• Task item: Word for word, set down the records and skip each picture.

• Entries provided:
----------

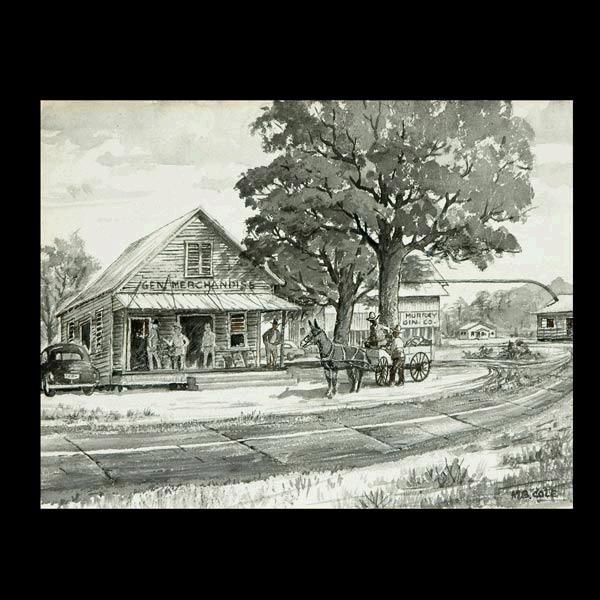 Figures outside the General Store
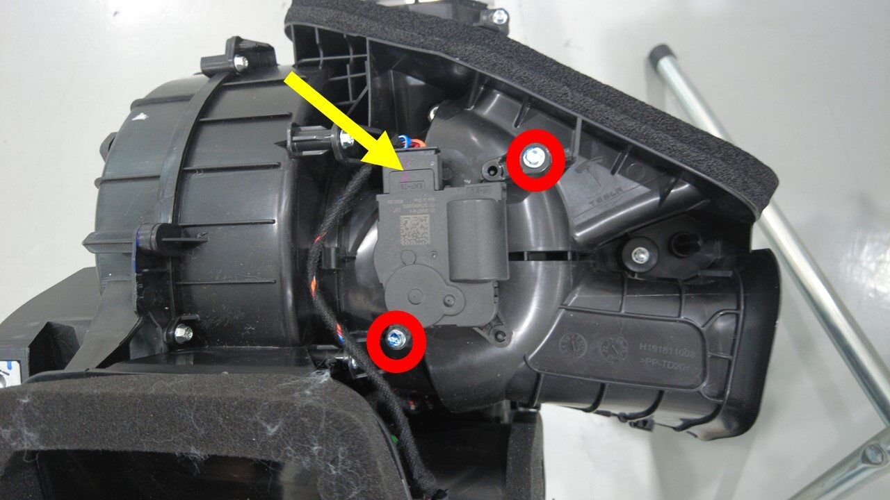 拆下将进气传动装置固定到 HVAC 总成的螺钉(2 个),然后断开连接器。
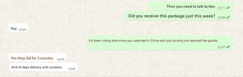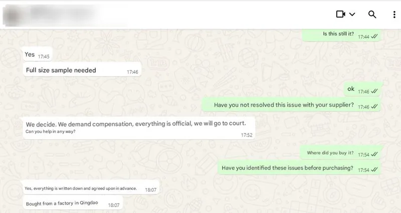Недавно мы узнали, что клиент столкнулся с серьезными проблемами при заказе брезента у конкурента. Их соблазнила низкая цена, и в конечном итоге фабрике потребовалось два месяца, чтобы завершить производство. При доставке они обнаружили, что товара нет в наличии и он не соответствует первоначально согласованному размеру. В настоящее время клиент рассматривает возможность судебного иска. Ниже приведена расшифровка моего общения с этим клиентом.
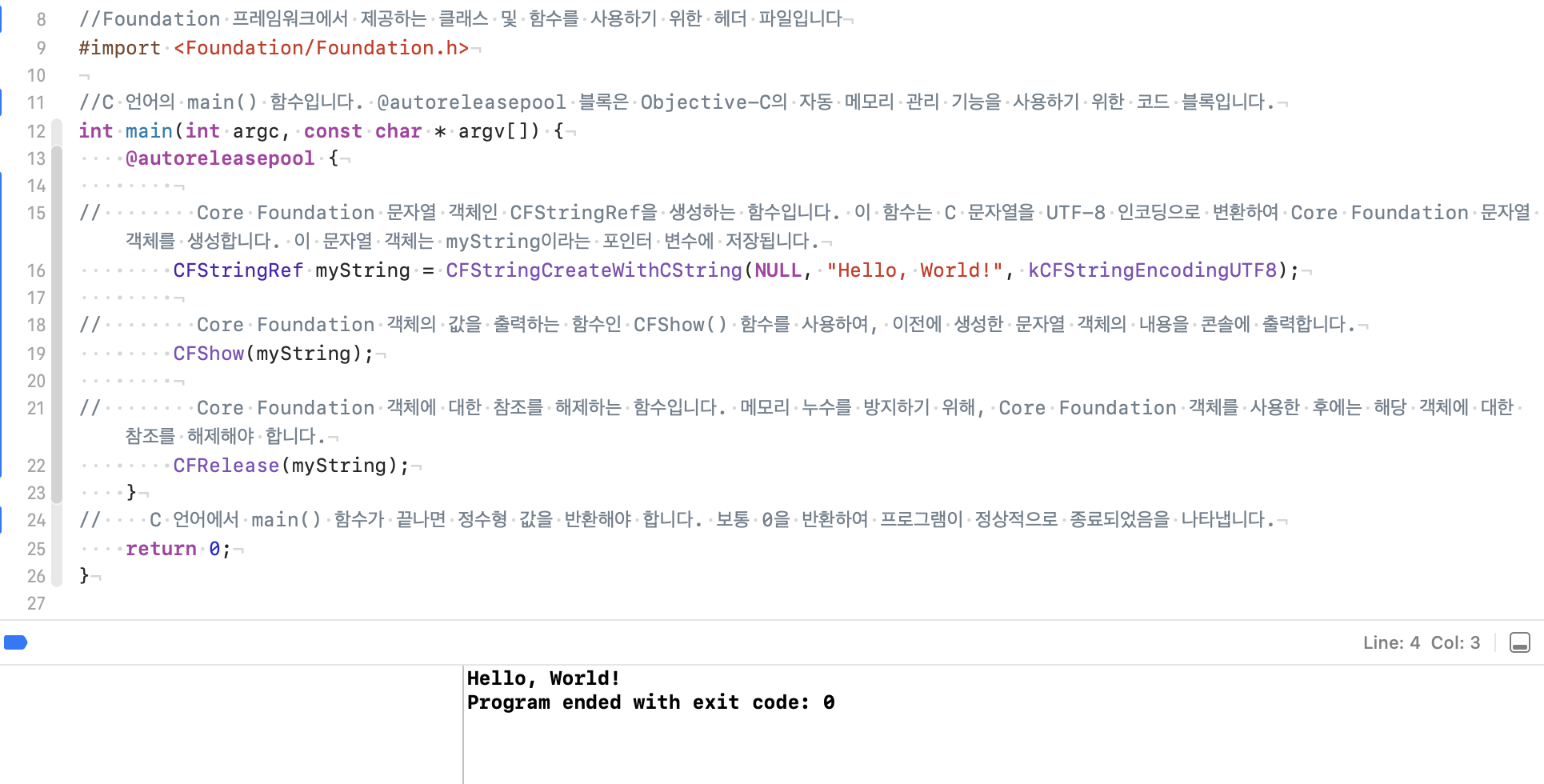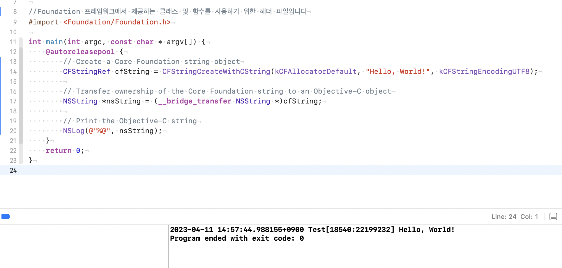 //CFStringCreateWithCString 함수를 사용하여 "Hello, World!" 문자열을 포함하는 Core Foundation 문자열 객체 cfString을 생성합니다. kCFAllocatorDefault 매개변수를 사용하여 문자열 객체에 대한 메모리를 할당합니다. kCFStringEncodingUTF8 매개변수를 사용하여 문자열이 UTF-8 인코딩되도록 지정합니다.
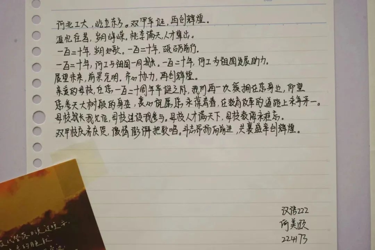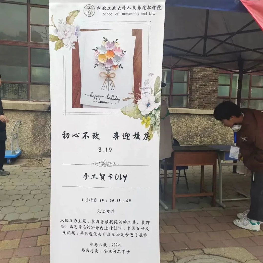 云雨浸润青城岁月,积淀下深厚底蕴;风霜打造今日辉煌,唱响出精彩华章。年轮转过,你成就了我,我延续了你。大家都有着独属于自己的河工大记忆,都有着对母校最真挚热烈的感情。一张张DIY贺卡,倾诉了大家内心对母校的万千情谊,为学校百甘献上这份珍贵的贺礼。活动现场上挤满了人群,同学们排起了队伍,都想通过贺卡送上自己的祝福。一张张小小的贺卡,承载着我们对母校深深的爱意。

----------

• Reply:
 Figures outside the General Store
 拆下将进气传动装置固定到 HVAC 总成的螺钉(2 个),然后断开连接器。
Недавно мы узнали, что клиент столкнулся с серьезными проблемами при заказе брезента у конкурента. Их соблазнила низкая цена, и в конечном итоге фабрике потребовалось два месяца, чтобы завершить производство. При доставке они обнаружили, что товара нет в наличии и он не соответствует первоначально согласованному размеру. В настоящее время клиент рассматривает возможность судебного иска. Ниже приведена расшифровка моего общения с этим клиентом.
 //CFStringCreateWithCString 함수를 사용하여 "Hello, World!" 문자열을 포함하는 Core Foundation 문자열 객체 cfString을 생성합니다. kCFAllocatorDefault 매개변수를 사용하여 문자열 객체에 대한 메모리를 할당합니다. kCFStringEncodingUTF8 매개변수를 사용하여 문자열이 UTF-8 인코딩되도록 지정합니다.
 云雨浸润青城岁月,积淀下深厚底蕴;风霜打造今日辉煌,唱响出精彩华章。年轮转过,你成就了我,我延续了你。大家都有着独属于自己的河工大记忆,都有着对母校最真挚热烈的感情。一张张DIY贺卡,倾诉了大家内心对母校的万千情谊,为学校百甘献上这份珍贵的贺礼。活动现场上挤满了人群,同学们排起了队伍,都想通过贺卡送上自己的祝福。一张张小小的贺卡,承载着我们对母校深深的爱意。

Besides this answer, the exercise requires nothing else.